A Question Time audience member was applauded after asking whether the "freedoms of Brexit" involved "the rich getting richer and the poor getting poorer".
A young man wearing a suit and pink tie chimed into a discussion about scrapping the cap on bankers' bonuses, which was confirmed to be going ahead this week. Rishi Sunak gave the green light to Liz Truss's policy to remove the bonus cap, which was inherited from when the UK was a member of the EU.
On the BBC weekly political show, which came from Bradford, West Yorks, he said: “The scrapping of the cap on bankers’ bonuses was described as one of the freedoms of Brexit that we now have. Am I to believe, as someone who lives in a relatively impoverished part of Britain, that these benefits of Brexit involve the rich getting richer and the poor getting poorer?”

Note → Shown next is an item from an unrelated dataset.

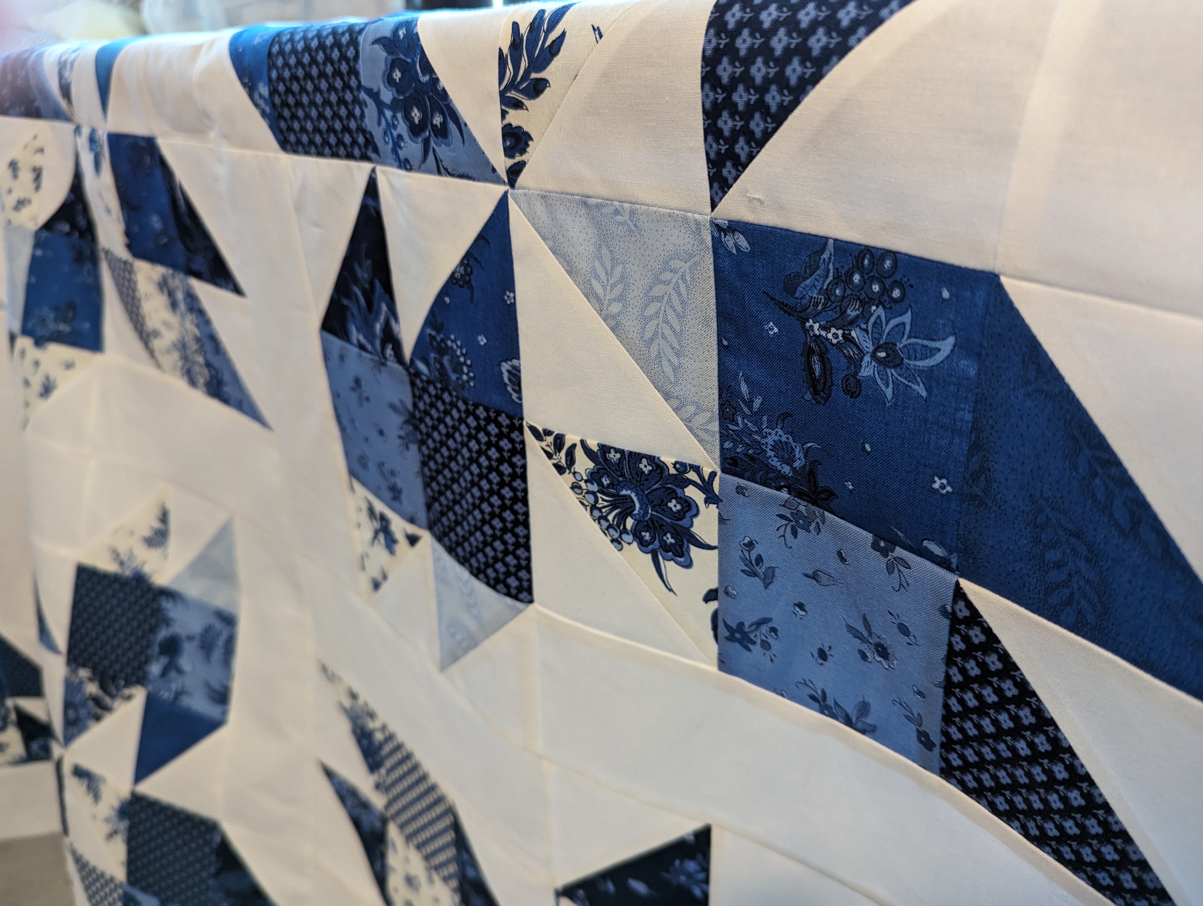 Fat Quarter Shop upcoming quilt: It’s called the “Layer Cake Latte” quilt, and it’s coming along. All the blocks are completed and I am in the midst of joining them. All that’s left is adding the skinny border around it and then the top will be done. I had hoped to get it completely quilted before the due date, but that’s not going to happen because I FORGOT ABOUT THE PROM DRESSES and need to sew like the wind on those.

Weighing into the debate, Tory ex-Cabinet Minister Baroness Warsi said: "This particular cap was bought in after the 2008 financial crash when banks were seen to be working in a way which was like casino banking and bankers were taking huge risks with people's money... and off the back of that it was appropriate within the European Union to say that these bankers should not be getting these excessive bonuses and therefore we should cap them and let's not forget what was agreed - these bonuses are capped at 100% of the bankers' salary. So if a banker is on £50,000, he can get an extra £50,000 in his pay packet... there was even a possibility to have it two times your salary, as long as the shareholders agreed to it."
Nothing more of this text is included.